Already, our state is home to the world’s two largest women’s prisons, and imprisons over 120,000 Californians throughout the state’s prisons, jails, and detention centers. Our prison healthcare system is under federal receivership. We cannot continue to throw good money after bad. The legislature passed AB 1539 to respond to urgent fiscal problems, and the CDCR’s recent petition denial obstructs legislative intent misses a unique win-win opportunity to move California in the right direction.

It is time to implement a common sense law, as evidenced by the broad support we received from the Los Angeles District Attorney’s Office, the California Catholic Conference, the Prison Law Office, the Coalition for Effective Public Safety, Legal Services for Prisoners with Children, the Union of American Physicians and Dentists, Breast Cancer Action, AIDS Healthcare Foundation, amongst many others.

Our state continues to face difficult budget cuts and growing numbers of people in prison. The Board of Parole hearings must decide whether it will uphold that set forth in the statute and take this opportunity for our state to benefit California families and taxpayers across the state, or whether it will support the CDCR’s choice to continue to imprison and provide medical care for persons in prison who pose no threat to public safety and cost millions of public dollars to care for in prison.

Ann Nisenson is a legal advocate and Vanessa Huang is the policy director at Justice Now, an Oakland-based organization that advocates for the legal and human rights of people in California’s women’s prisons.

Posted on June 16, 2008

Comments

This is how dum calif lawmaker are!!!.. DUM..

Posted by: demc at June 16, 2008 09:34 AM

I don't think the prisoner was "brain dead" since that is dead. He was probably in a persistent vegetative state, which is alive. It is important to use properly descriptive terms.

I agree he should be released, but his care will still be the responsibility of the state under Medical.

Posted by: Wesley J. Smith at June 16, 2008 11:41 AM

Great. Post.

It just boggles the mind how outrageous prison spending is. How do they get all this money???

Posted by: Tolman Hall at June 16, 2008 09:56 PM


The will of California taxpayers,does this mean anything to the Director of the CDCR or Arnold. At present 100 percent of those eligible for compassioate release have been denied.
What is Arnold going to do about this.
One of many that should be released; Mr.

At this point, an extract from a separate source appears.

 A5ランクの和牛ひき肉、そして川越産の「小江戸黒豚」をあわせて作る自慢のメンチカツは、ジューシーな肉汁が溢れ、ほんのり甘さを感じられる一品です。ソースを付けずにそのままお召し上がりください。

Martinez is the “poster child” for why AB1539 was passed. He was stabbed in the back of the neck while in prison, resulting in quadriplegia which exacerbates his pre-existing diabetes. His complex, labor intensive care requires 24-hour nursing staff, 7 days a week, provided by a dysfunctional health care system currently operating under federal receivership. Though unable to swat a fly off his nose, let alone pose a threat to society, prison guards are paid to observe Mr. Martinez day and night. The astronomical costs for PMI prisoners will rise predictably as the body deteriorates and inevitably fails.

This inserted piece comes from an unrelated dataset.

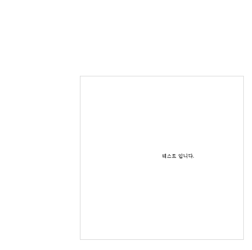 import * as d3 from 'd3'; // https://github.com/d3/d3-zoom#ZoomTransform_ window.addEventListener('load', function() { const w = 400; const h = 400; const canvas = document.createElement('canvas'); const context = canvas.getContext('2d'); canvas.width = w; canvas.height = h; const transform = new d3.ZoomTransform(0.8, 100, 100); // k, x, y console.log('transform', transform); console.log('transform.toString()', transform.toString()); const boxElement = document.querySelector<HTMLElement>('.box'); if (boxElement !== null) { boxElement.style.transform = "translate(" + transform.x + "px," + transform.y + "px) scale(" + transform.k + ")"; } if (context !== null) { context.font = '12px serif'; context.fillText('테스트 입니다.', 200, 200); context.fillStyle = '#000'; } document.querySelector<HTMLElement>('.box')?.appendChild(canvas); });결과는 다음과 같습니다.

According to Ken Karan, attorney for the Martinez family, “Governor Schwarzenegger should enforce the law. Mr. Martinez is the poster child for why AB 1539 was enacted. Even prison authorities admit that he is permanently medically incapacitated and eligible for release. The legislature expects BPH to follow the law in its recommendations to the court. Clearly there is no legal basis for prison authorities’ attempt to apply criteria not found in the law, and Mr. Martinez should be released.”